The bolters bucked fiercely from the shot, lurching back through the air on trails of glittering purple light. As soon as the daemonic beast appeared, twin bolts drilled into the side of its head, blasting its exposed, horned skull apart. The headless body promptly stumbled and collapsed in the middle of the hall, and the counter switched to three.
She jumped forward, wings flapping, and another daemon appeared behind her. This one was bipedal, with long, thin limbs that ended in vicious sickles. It stared at its airborne prey for a moment, and then started accelerating into a run.
Twilight hit the floor in a gallop, the boltguns floating in fixed positions above her. When another monster leapt at her from a shadowed tunnel, she was already shifting her weapons into position.
A single shot from both weapons annihilated much of the daemon’s chest cavity and eliminated its forward momentum, causing it to fall just short of its prey. The daemon fell into a puddle of its own blasted flesh and entrails, and then raised its head just in time to get a rear hoof to the face.
Twilight lined up a shot on the sickle daemon even while the ambusher went flipping away. It was picking up speed now, dragging the tips of its arm-blades over the floor and leaving long gouges in the plating. She fired, and the creature suddenly skipped to the side in a dodge. She fired the other bolter and it hopped the other way, neatly avoiding the next shot while closing critical distance. In that split second, while both guns were reeling from their recoil, the daemon bunched up its legs to pounce.
Twilight’s horn flashed before it could, and a lash of purple lightning arced into her opponent. The daemon shrieked and quivered, standing more or less in place just long enough for Twilight to take its head off with a bolter round.

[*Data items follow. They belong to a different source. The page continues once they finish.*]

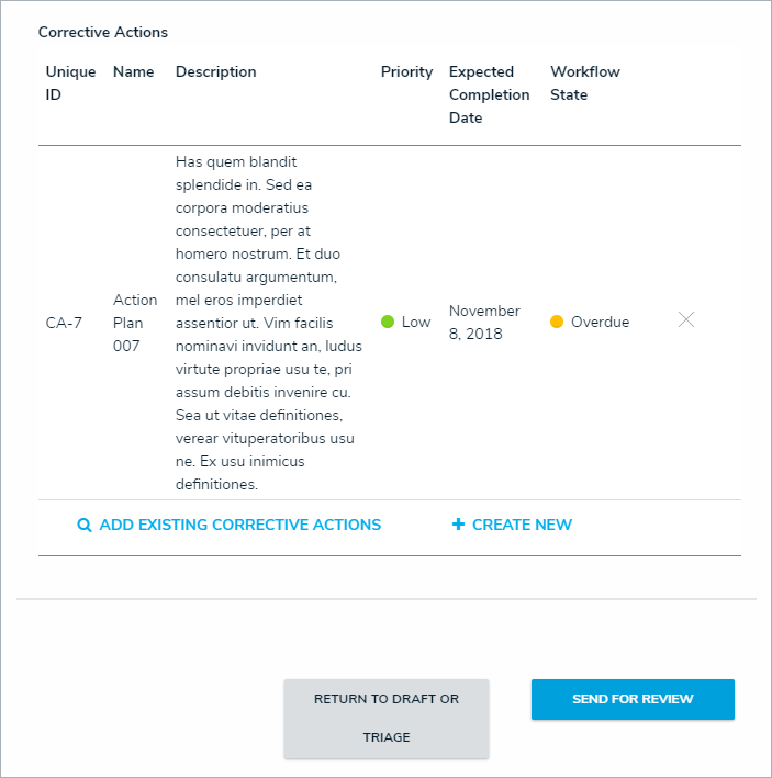 To create a new Issue from scratch, click + Create New and fill in the required fields. Read more here: Review a Corrective Action.
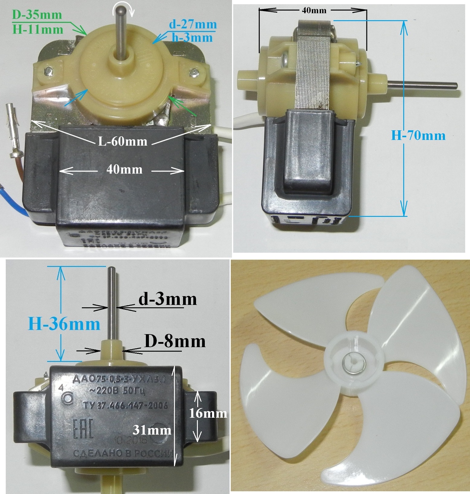 Двигатель вентилятора для холодильников Indesit, Hotpoint-Ariston, Stinol и Whirlpool.
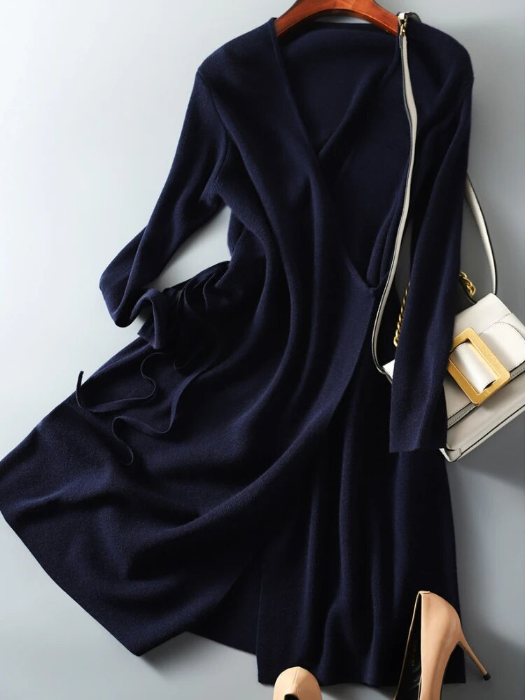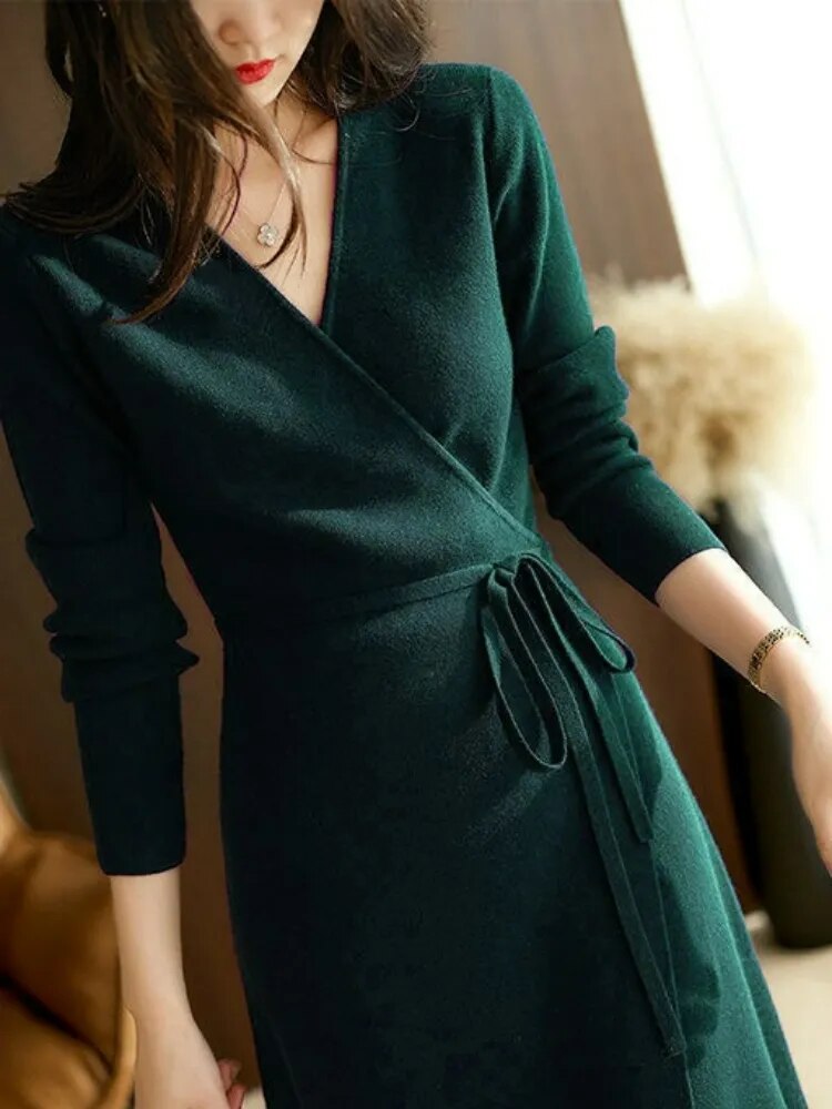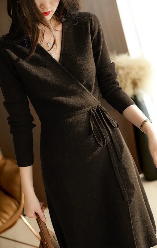 Autumn/Winter Women's V-neck Lace Up Wrap Up Dress New Korean Version Loose and Elegant Commuter Style Knitted Dress

“Okay, what’s next?” the mare breathed while the booming report of her weapon echoed in her ears. The counter on her augmetic blinked from two to one.
Then, after a second of silence, it became two again.
“Wait… did one of them recover? I mean, I guess they’re not truly dead, since they’re daemons. But how does that…” Twilight started to turn, her optic only barely catching a glimpse of highlighted energy bleed below her.
She shrieked and reared when a small drainage vent burst open below, not even a meter away. Something leapt out of it in a blur, clawing clumsily for her wings and latching onto her chain. Feathers and blood flew through the air while she tried to shake off the snarling creature, and then she felt fangs puncturing her shoulder.
“GET! OFF!!” One of the boltguns swung toward her like a bludgeon, smashing into her side and stunning the goblin-like daemon clinging to her. She knocked the creature down with her wing, and then started trampling it underhoof.
“I already lost one major organ on this trip! I do NOT want to drag myself back to Solon to be fitted for an augmetic leg!” Hooves hammered the diminutive monster, shattering its thin, twisted limbs and splitting its fanged, eyeless skull.
A guttural laugh filled the hall, and the purple pony jumped back from her latest target. She almost stumbled due to the pain in her leg, but she kept her focus locked on the sound.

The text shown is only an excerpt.